> [EXERCISE DIRECTIONS]: Omit the pictures and print exactly the lines of the listing below, starting at the first and ending at the line containing "Side of grilled".

━━ LISTED ENTRIES ━━

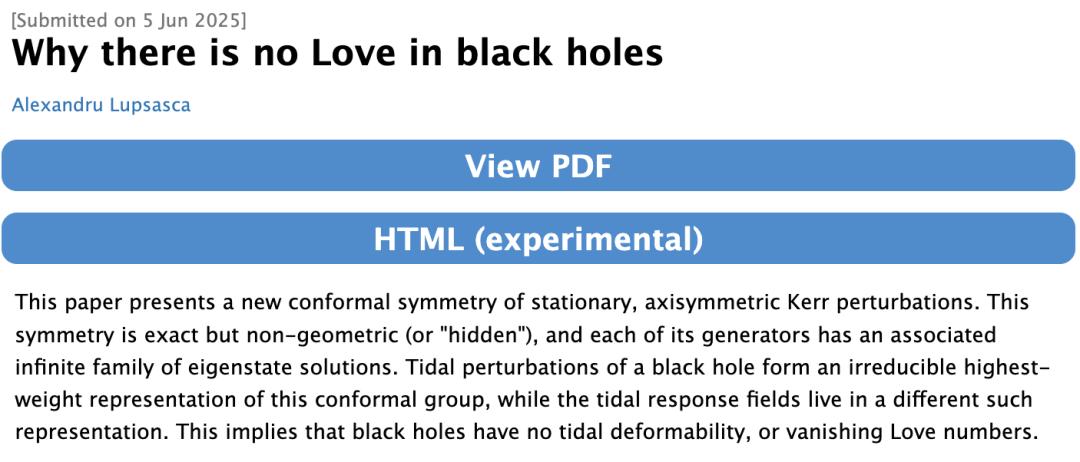 今年夏天,老盧發(fā)表了一篇關(guān)于黑洞微擾理論中新對(duì)稱性的論文,指出黑洞沒有潮汐形變能力,即勒夫數(shù)為零。對(duì)他來說,解釋這些對(duì)稱性的物理意義相對(duì)容易,難的是找到它們的精確形式。他作為人類科學(xué)家,花了數(shù)天才計(jì)算出相關(guān)公式。
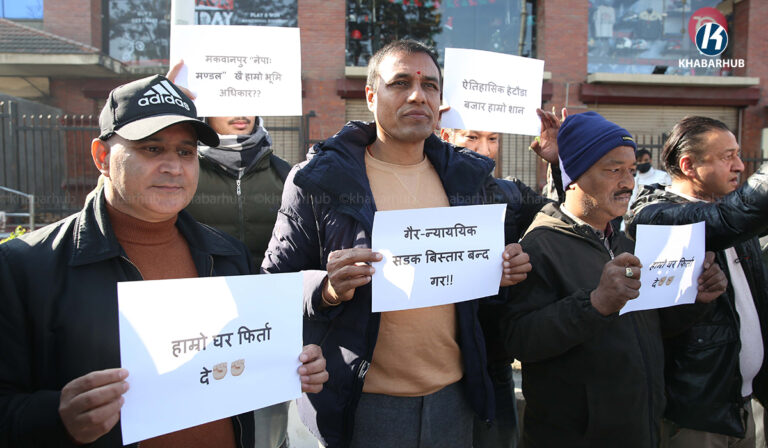 हेटौंडामा २५ गजको सडक सीमाभित्रका मुख्य बजार क्षेत्रका घरटहराहरु सरकारी पक्षले भत्काएपछि त्यहाँका स्थानीयहरूले प्रदर्शन गरेका हुन् ।
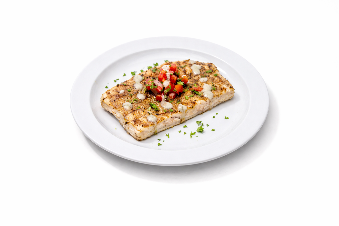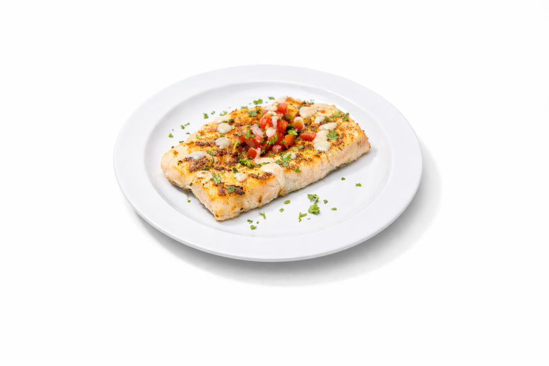 Side of grilled Alaskan cod topped with Mojo sauce and pico de gallo
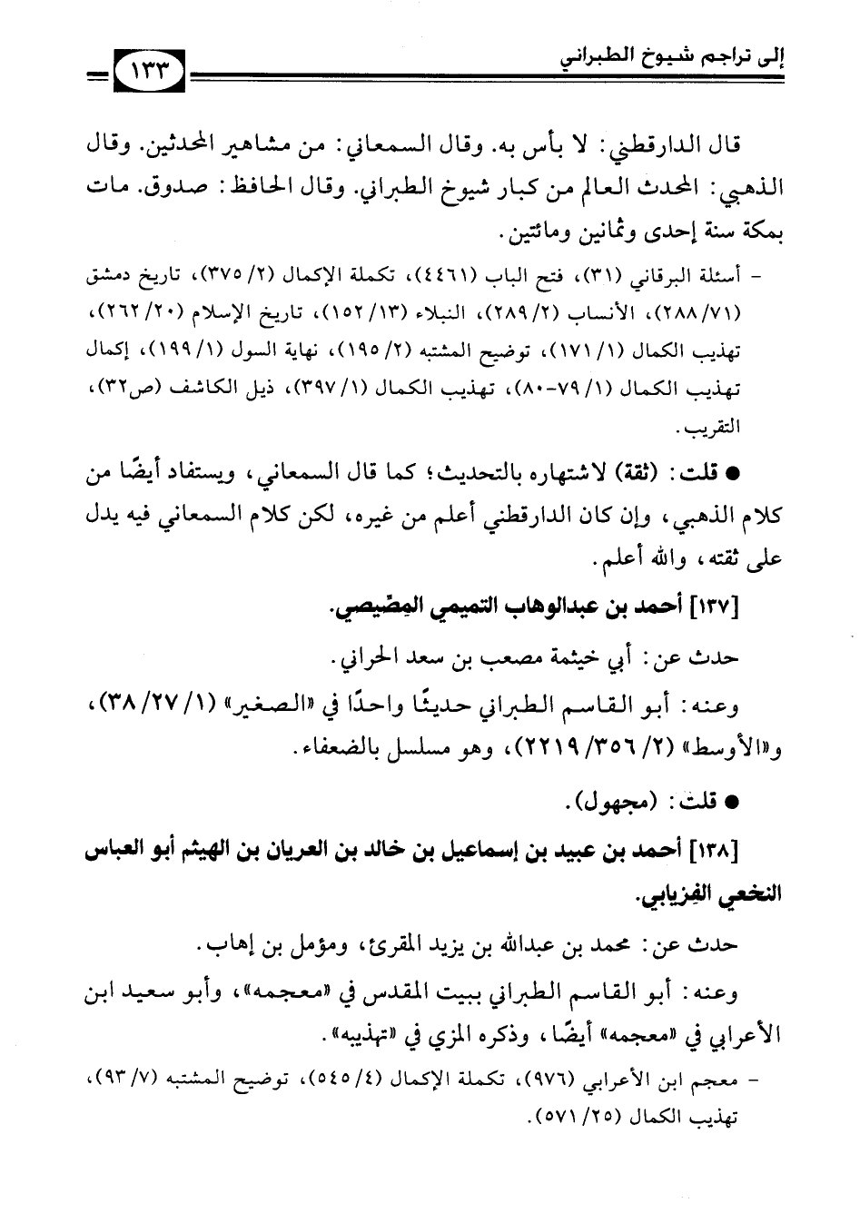 - أسئلة البرقاني (31)، فتح الباب (4461)، تكملة الإكمال (2/ 375)، تاريخ دمشق (71/ 288)، الأنساب (2/ 289)، النبلاء (13/ 152)، تاريخ الإسلام 20/ 262)، تهذيب الكمال (1/ 171)، توضيح المشتبه (2/ 195)، نهاية السول (1/ 199)، إكمال تهذيب الكمال (1/ 79 - 80)، تهذيب الكمال (1/ 397)، ذيل الكاشف (ص 32)، التقريب.
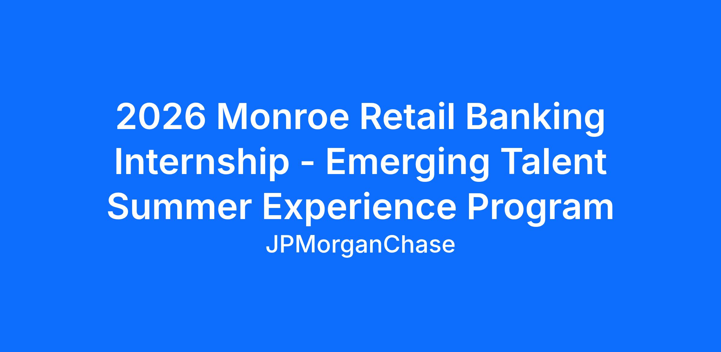 As a 2026 Emerging Talent Summer Experience Intern in JPMorganChase Consumer and Community Banking you will be offered variety, growth, and a great introduction to a range of projects and tasks. With a heritage of more than two centuries, a broad range of core and alternative strategies, and professionals operating in every major world market, we offer experience and insight that few other firms can match.
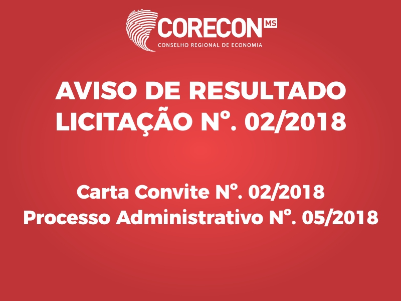Com fundamento no inciso VI, do art. 43, da Lei nº 8.666/93 e posteriores alterações, e tendo em vista o que consta nos autos do processo administrativo nº 05/2018, HOMOLOGAR o procedimento licitatório na modalidade convite nº 02/2018, tipo menor preço global, cujo objeto da presente licitação é a contratação de empresa especializada em obras de engenharia para a reforma da nova sede do Conselho Regional de Economia 20ª Região - MS, na Av. Afonso Pena 2386 – 12º andar, sala 1201 – Ed. Dolor de Andrade. Área a reformar 136,61 m², em conformidade com os projetos, memorial, layout e planilhas (Orçamentária, BDI, Composição e cronograma físico-financeiro) e demais condições expressas no edital, e ADJUDICAR o objeto licitado em favor de empresa C.E. Silvério Empreiteira de Mão de obra, CNPJ 27.946.203/0001-21, pelo valor global de R$ 132.233,33 (cento e trinta e dois mil, duzentos e trinta e três reais e trinta e três centavos).
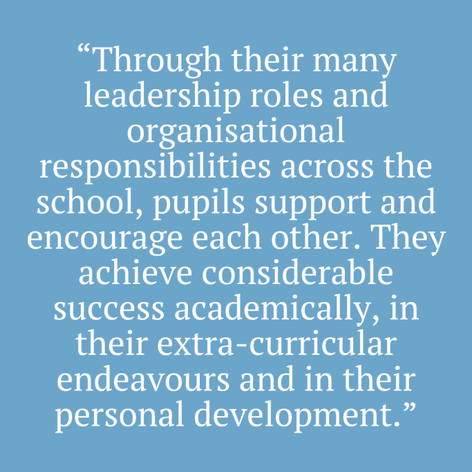 Throughout the school, there is a positive sense of community amongst pupils and staff. Leaders make sure that pupils are fully involved in school life, taking on many leadership and organisational roles. The sense of mutual purpose and clear direction encourages pupils to commit to the common good and achieve success both inside and outside the classroom. This is a significant strength of the school.
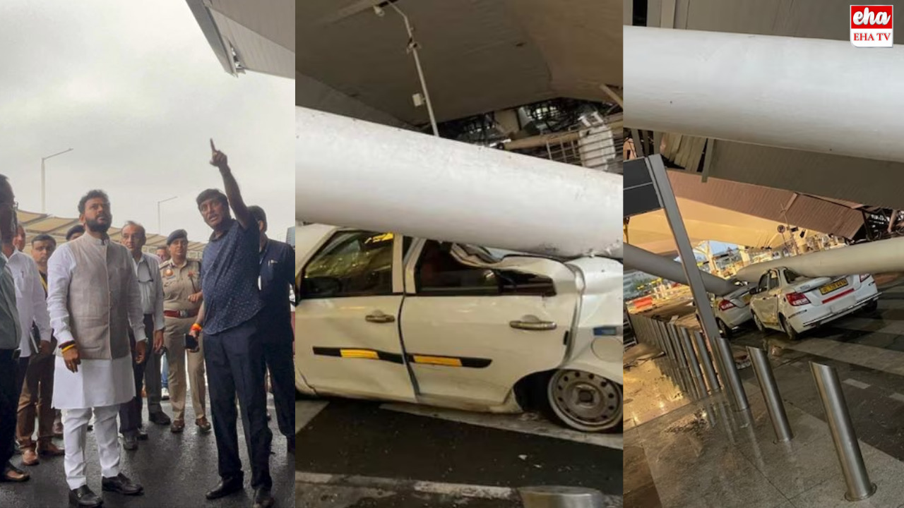 అర్థరాత్రి నుంచి దేశరాజధాని డిల్లీ(Delhi)లో ఎడతెరిపి లేకుండా వర్షం కురుస్తోంది. లోతట్టు ప్రాంతాలన్నీ జలమయమయ్యాయి. పొద్దుపొద్దున్నే పలు చోట్ల ట్రాఫిక్కు తీవ్ర అంతరాయం కలిగింది. పలు కాలనీల్లో కార్లు, బైకులు నీట మునిగాయి. జనజీవితం అస్తవ్యస్తంగా మారింది. మరోవైపు ఢిల్లీఎయిర్పోర్ట్ టెర్మినల్-1(Delhi Airport T1) వద్ద పైకప్పు కూలిన ఘటనలో ఒకరు మృతి చెందినట్లు అధికారులు ప్రకటించారు. మరో ముగ్గురికి తీవ్ర గాయాలు కాగా, టెర్మినల్-1 వద్ద కార్యకలాపాల్ని అధికారులు నిలిపివేశారు. ఈ రోజు తెల్లవారుజామున ఈదురు గాలుల వాన ధాటికి ఢిల్లీ ఎయిర్పోర్ట్ టెర్మినల్-1 వద్ద పైకప్పు కూలిపోయింది. ఘటనలో కొన్ని వాహనాలు ధ్వంసం అయ్యాయి. ఒకరు చనిపోయారు. ఆరుగురికి తీవ్ర గాయాలయ్యాయి. పలువురు అందులో చిక్కుకుపోయారు. సమాచారం అందుకున్న వెంటనే సహాయక చర్యలు మొదలయ్యాయి. ఫైర్ సిబ్బంది క్షతగాత్రుల్ని బయటకు తీసి ఆస్పత్రికి తరలించారు. ప్రస్తుతం అక్కడ సహాయక చర్యలు కొనసాగుతుండడంతో.. టెర్మినల్ వద్ద కార్యకలాపాలను పూర్తిగా నిలిపివేశారు. దీంతో ప్రయాణికులు ఇబ్బంది పడుతున్నారు. సహాయక చర్యలను వ్యక్తిగతంగా పర్యవేక్షిస్తున్నట్లు కేంద్ర పౌరవిమానయాన శాఖ మంత్రి రామ్మోహన్నాయుడు(Minister Rommohan Naidu) ఎక్స్ (ట్విట్టర్) ద్వారా తెలిపారు.కూలిన ఢిల్లీ ఎయిర్పోర్ట్ టెర్మినల్-1 పై కప్పు.. ఒకరి మృతి, ఆరుగురికి గాయాలు
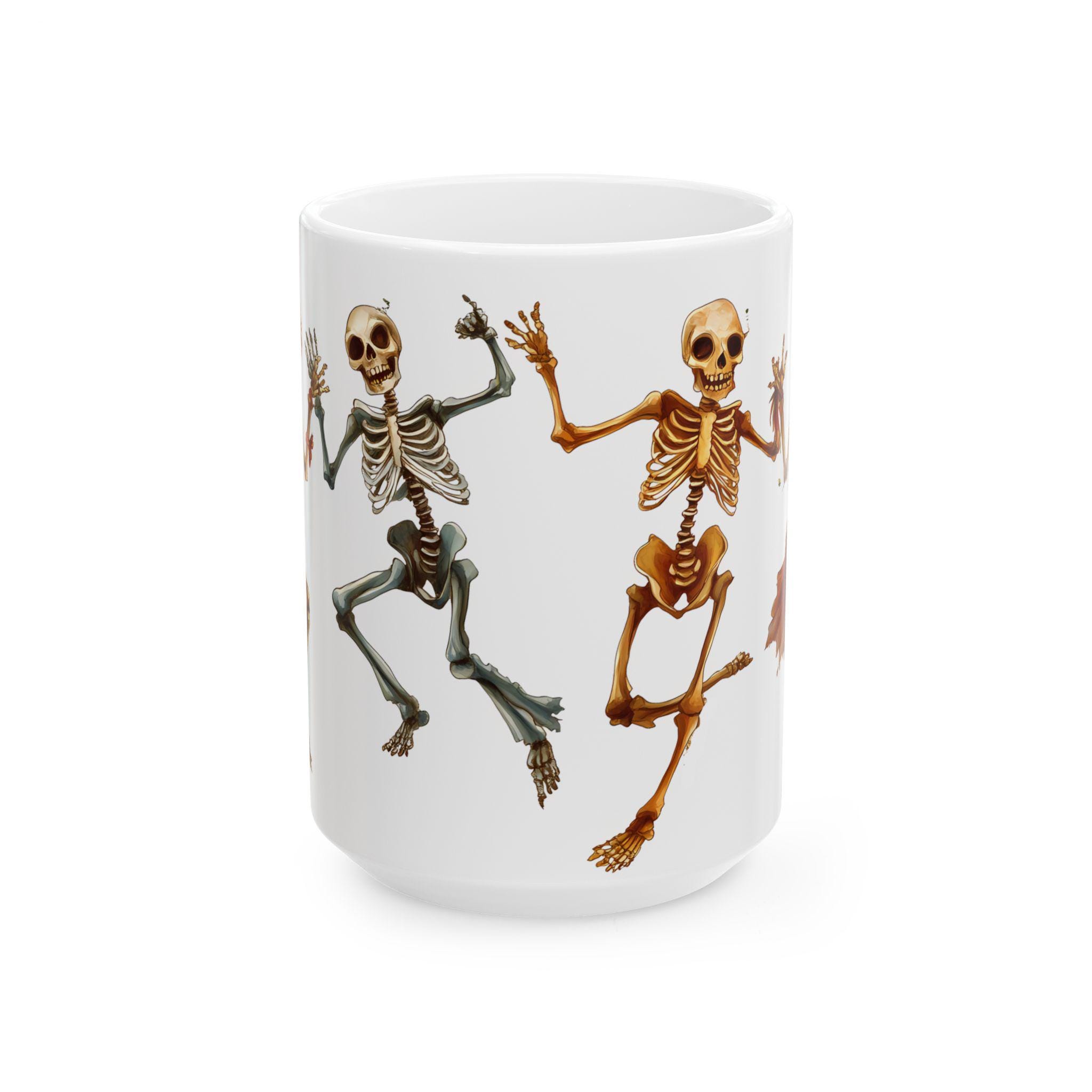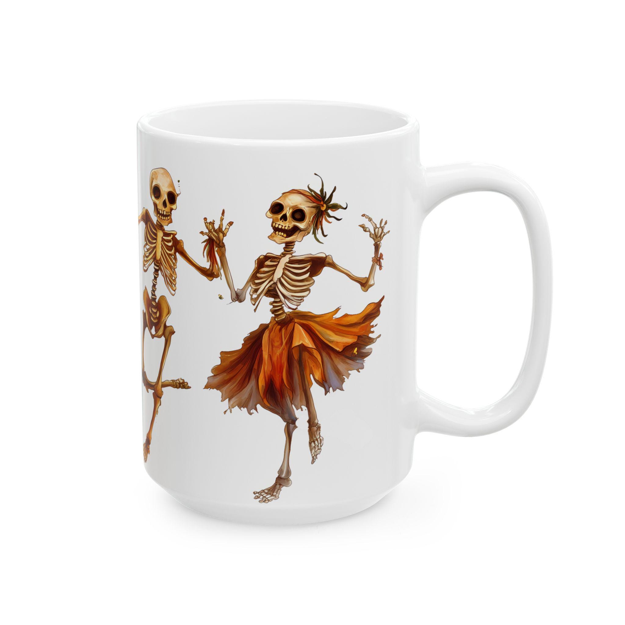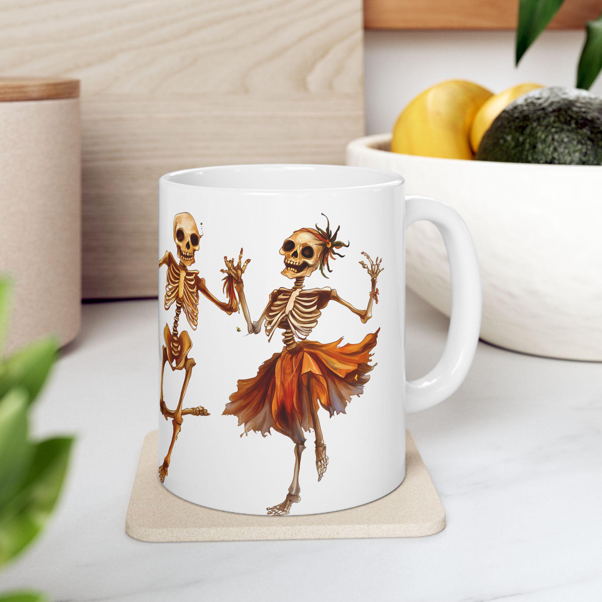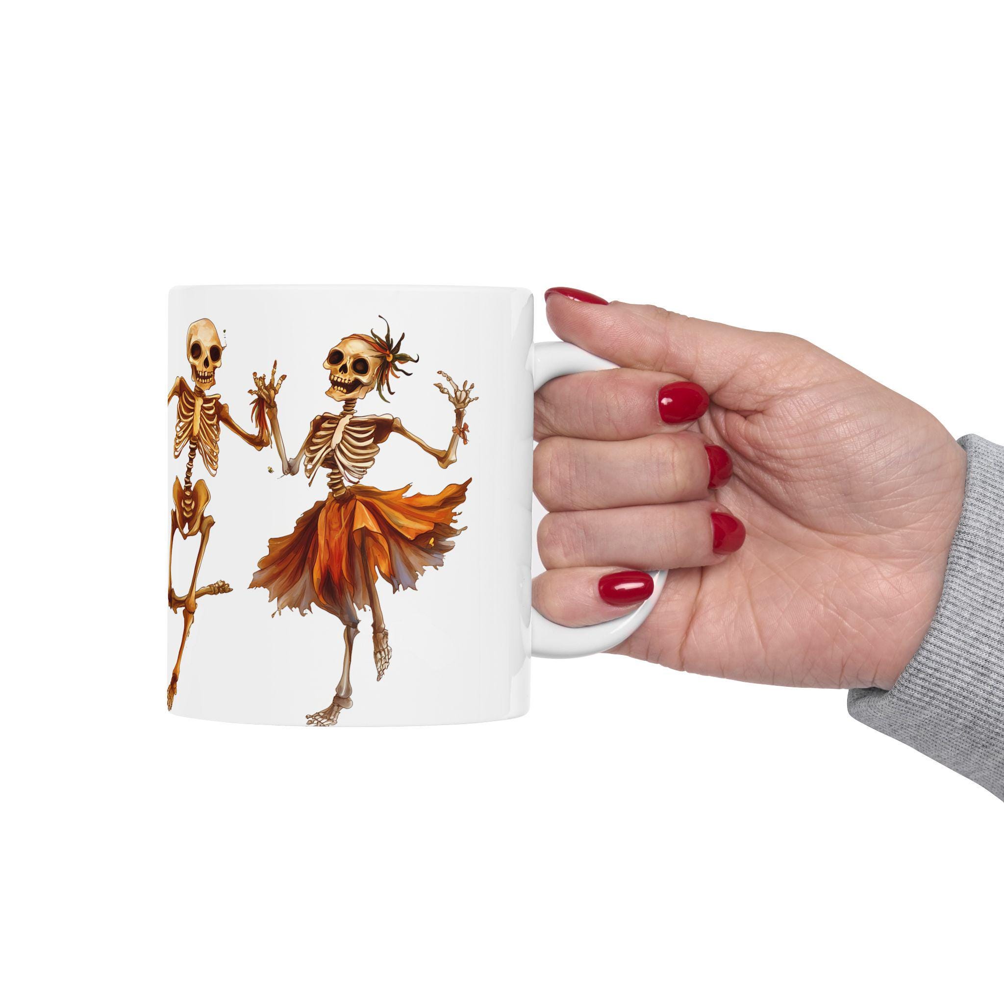 Dancing Skeletons Ceramic Mug: Spooky Halloween Coffee Cup
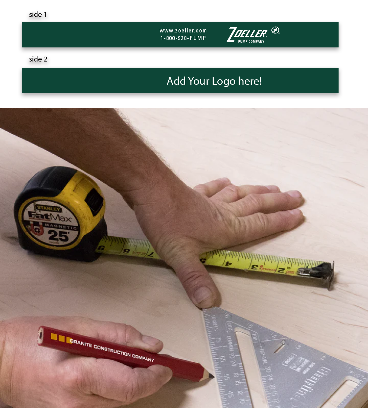 Poplar wood, #2 graphite HB (medium hard), green imprinted white Zoeller Pump Company logo.
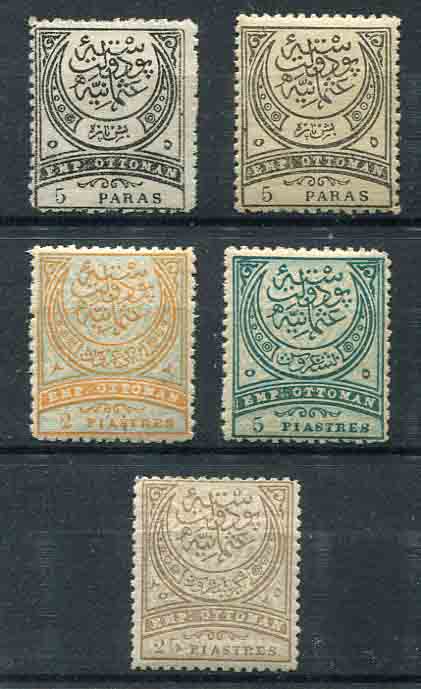Ottoman: 1886 (1 April). UPU Empire postage stamps perf. 13 1/4 mint o.g. set of four with additional 5pa yellowish thick paper. Isfila 125/128, 125 KV09
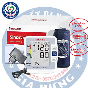 Máy đo huyết áp bắp tay sản xuất theo công nghệ tiên tiến của Đức Tính năng nhắc nhở loạn nhịp tim Bộ nhớ 90 bộ lưu trữ (2 người) Màn hình siêu lớn đo thông minh Cảnh báo huyết áp cao Có giọng nói Tiếng Việt Bảo hành 3 năm 1 đổi 1 đối với máy ( Bộ đổi nguồn Adapter không được bảo hành ) Tặng bộ đổi nguồn ( Adapter ) + 4 viên pin AA Thương hiệu Sinocare nổi tiếng với các dòng máy đo sức khỏe đang làm mưa làm gió trên thị trường với mẫu máy đo đường huyết Sinocare Safe Accu giá rẻ phổ thông mà chất lượng và độ chính xác cao.   Không dừng lại ở đó Sinocare còn có rất nhiều mặt hàng thiết bị sức khỏe khác được hãng chăm chút kĩ lưỡng, thừa hưởng dây chuyền công nghệ cao đến từ Đức, Sinocare không ngừng mở rộng quy mô trên toàn cầu về các mặt hàng giá phổ thông bất cứ ai cũng có thể mua được dễ dàng.

━━━

> [WRITTEN SOLUTION]:
 今年夏天,老盧發(fā)表了一篇關(guān)于黑洞微擾理論中新對(duì)稱性的論文,指出黑洞沒有潮汐形變能力,即勒夫數(shù)為零。對(duì)他來說,解釋這些對(duì)稱性的物理意義相對(duì)容易,難的是找到它們的精確形式。他作為人類科學(xué)家,花了數(shù)天才計(jì)算出相關(guān)公式。
 हेटौंडामा २५ गजको सडक सीमाभित्रका मुख्य बजार क्षेत्रका घरटहराहरु सरकारी पक्षले भत्काएपछि त्यहाँका स्थानीयहरूले प्रदर्शन गरेका हुन् ।
 Side of grilled Alaskan cod topped with Mojo sauce and pico de gallo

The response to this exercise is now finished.